> [EXERCISE BRIEF]: Reproduce the entries word for word, and omit any picture you find in them.

> [LISTED ENTRIES]:
------------------------------------

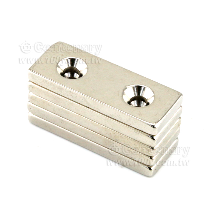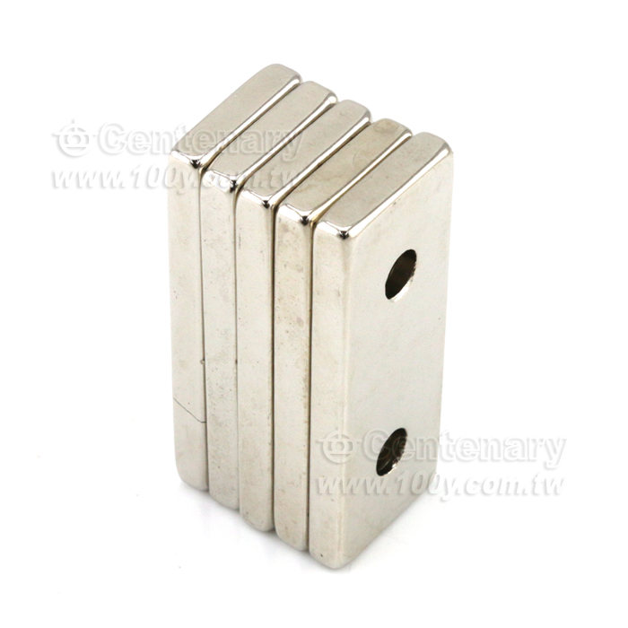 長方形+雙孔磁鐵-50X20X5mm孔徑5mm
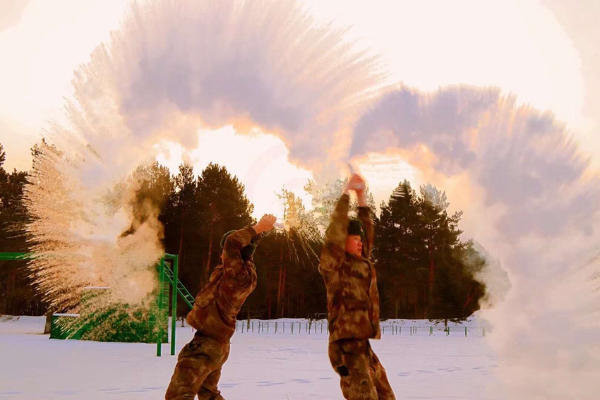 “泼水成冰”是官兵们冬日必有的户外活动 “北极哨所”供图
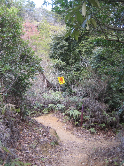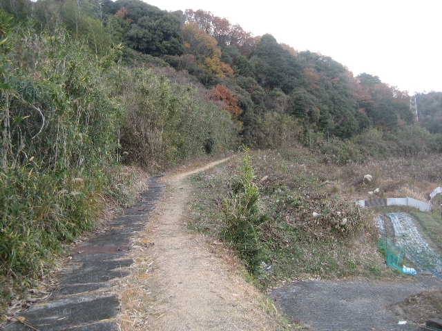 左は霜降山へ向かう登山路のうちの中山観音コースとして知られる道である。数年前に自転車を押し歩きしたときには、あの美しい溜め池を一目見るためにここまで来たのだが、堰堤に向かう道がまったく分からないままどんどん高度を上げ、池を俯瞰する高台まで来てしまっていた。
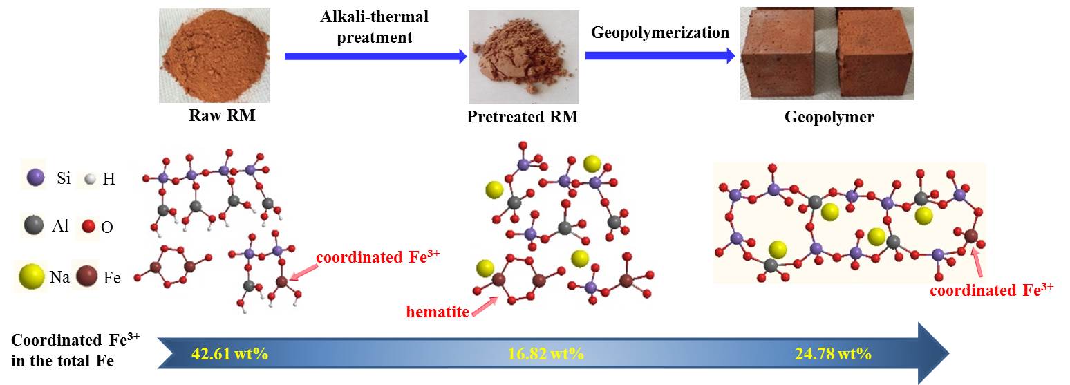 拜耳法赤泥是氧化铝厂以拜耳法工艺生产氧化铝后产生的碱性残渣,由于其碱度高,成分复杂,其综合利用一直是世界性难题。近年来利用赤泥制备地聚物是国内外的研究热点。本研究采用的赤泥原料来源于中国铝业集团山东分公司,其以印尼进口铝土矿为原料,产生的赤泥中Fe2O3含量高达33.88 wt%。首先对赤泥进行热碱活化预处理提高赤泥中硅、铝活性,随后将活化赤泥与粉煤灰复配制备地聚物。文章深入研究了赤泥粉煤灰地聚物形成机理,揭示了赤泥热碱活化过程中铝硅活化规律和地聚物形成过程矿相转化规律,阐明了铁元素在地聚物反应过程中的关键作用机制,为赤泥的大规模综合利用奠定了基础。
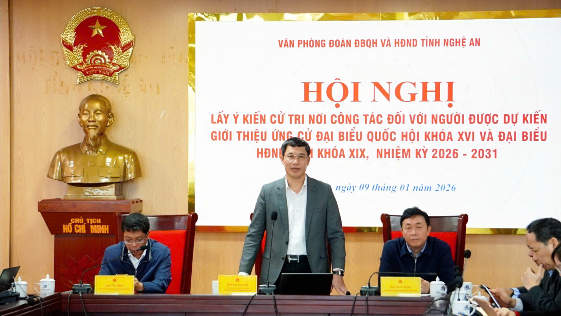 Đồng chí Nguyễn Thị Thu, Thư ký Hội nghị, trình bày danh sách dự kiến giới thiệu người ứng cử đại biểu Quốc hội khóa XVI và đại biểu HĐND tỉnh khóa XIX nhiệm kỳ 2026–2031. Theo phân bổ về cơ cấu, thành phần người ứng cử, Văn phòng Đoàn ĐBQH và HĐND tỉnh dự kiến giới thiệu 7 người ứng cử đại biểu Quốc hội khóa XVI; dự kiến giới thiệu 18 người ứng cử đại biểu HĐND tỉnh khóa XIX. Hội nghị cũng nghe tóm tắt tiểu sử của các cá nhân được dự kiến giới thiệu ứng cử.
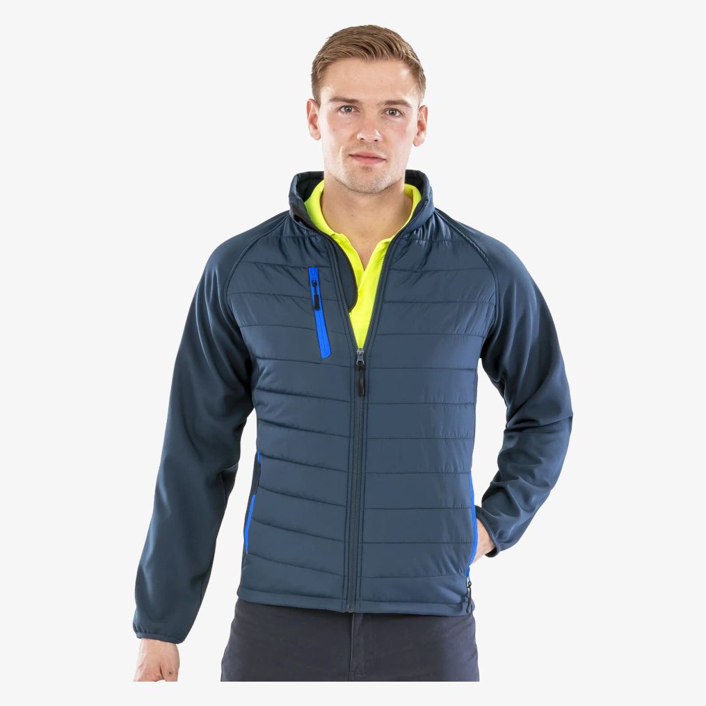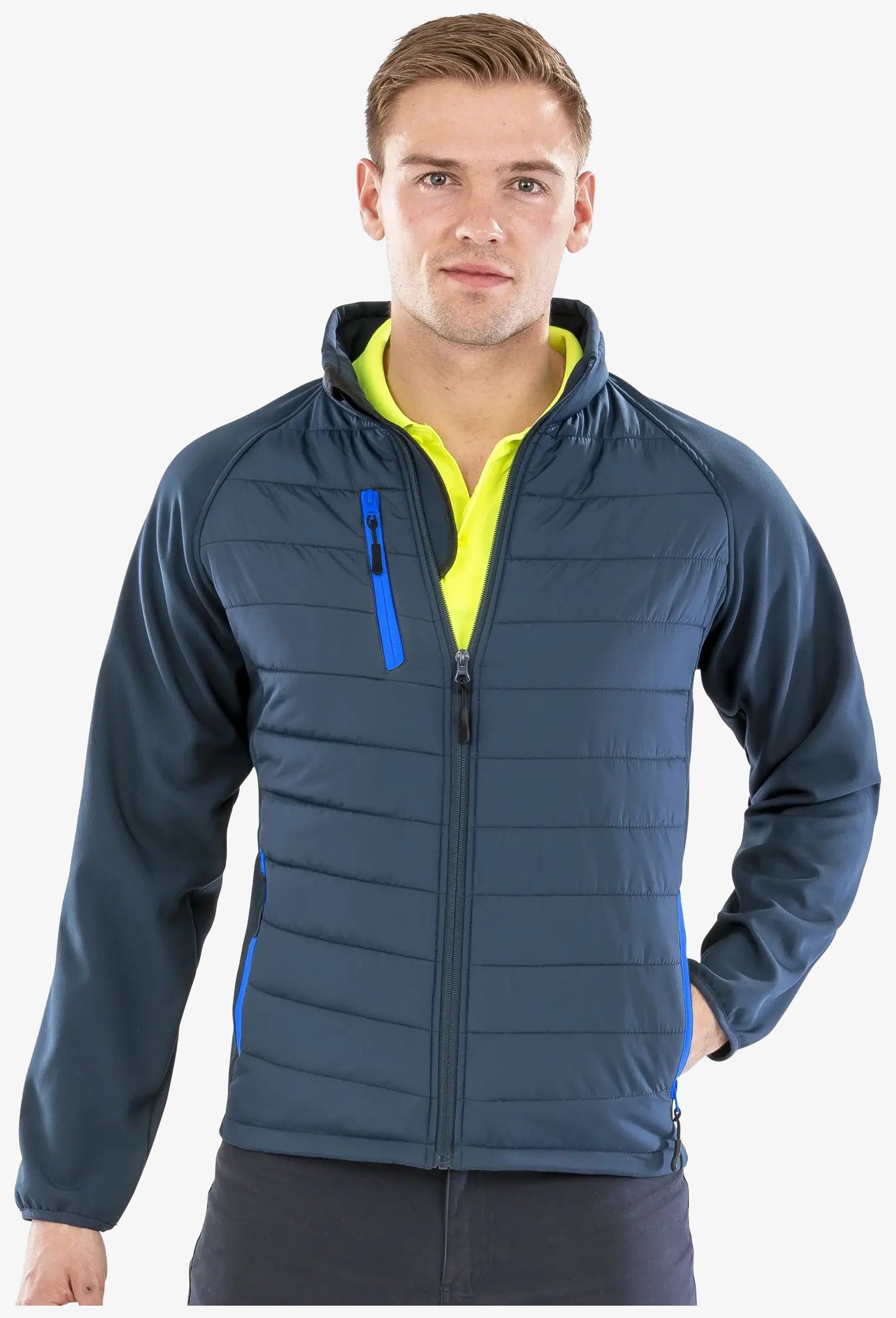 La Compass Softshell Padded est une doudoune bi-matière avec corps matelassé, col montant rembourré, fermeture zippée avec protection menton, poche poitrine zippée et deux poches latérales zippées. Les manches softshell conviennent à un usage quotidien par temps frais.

------------------------------------

> [COMPLETED TASK]:
 長方形+雙孔磁鐵-50X20X5mm孔徑5mm
 “泼水成冰”是官兵们冬日必有的户外活动 “北极哨所”供图
 左は霜降山へ向かう登山路のうちの中山観音コースとして知られる道である。数年前に自転車を押し歩きしたときには、あの美しい溜め池を一目見るためにここまで来たのだが、堰堤に向かう道がまったく分からないままどんどん高度を上げ、池を俯瞰する高台まで来てしまっていた。
 拜耳法赤泥是氧化铝厂以拜耳法工艺生产氧化铝后产生的碱性残渣,由于其碱度高,成分复杂,其综合利用一直是世界性难题。近年来利用赤泥制备地聚物是国内外的研究热点。本研究采用的赤泥原料来源于中国铝业集团山东分公司,其以印尼进口铝土矿为原料,产生的赤泥中Fe2O3含量高达33.88 wt%。首先对赤泥进行热碱活化预处理提高赤泥中硅、铝活性,随后将活化赤泥与粉煤灰复配制备地聚物。文章深入研究了赤泥粉煤灰地聚物形成机理,揭示了赤泥热碱活化过程中铝硅活化规律和地聚物形成过程矿相转化规律,阐明了铁元素在地聚物反应过程中的关键作用机制,为赤泥的大规模综合利用奠定了基础。
 Đồng chí Nguyễn Thị Thu, Thư ký Hội nghị, trình bày danh sách dự kiến giới thiệu người ứng cử đại biểu Quốc hội khóa XVI và đại biểu HĐND tỉnh khóa XIX nhiệm kỳ 2026–2031. Theo phân bổ về cơ cấu, thành phần người ứng cử, Văn phòng Đoàn ĐBQH và HĐND tỉnh dự kiến giới thiệu 7 người ứng cử đại biểu Quốc hội khóa XVI; dự kiến giới thiệu 18 người ứng cử đại biểu HĐND tỉnh khóa XIX. Hội nghị cũng nghe tóm tắt tiểu sử của các cá nhân được dự kiến giới thiệu ứng cử.
 La Compass Softshell Padded est une doudoune bi-matière avec corps matelassé, col montant rembourré, fermeture zippée avec protection menton, poche poitrine zippée et deux poches latérales zippées. Les manches softshell conviennent à un usage quotidien par temps frais.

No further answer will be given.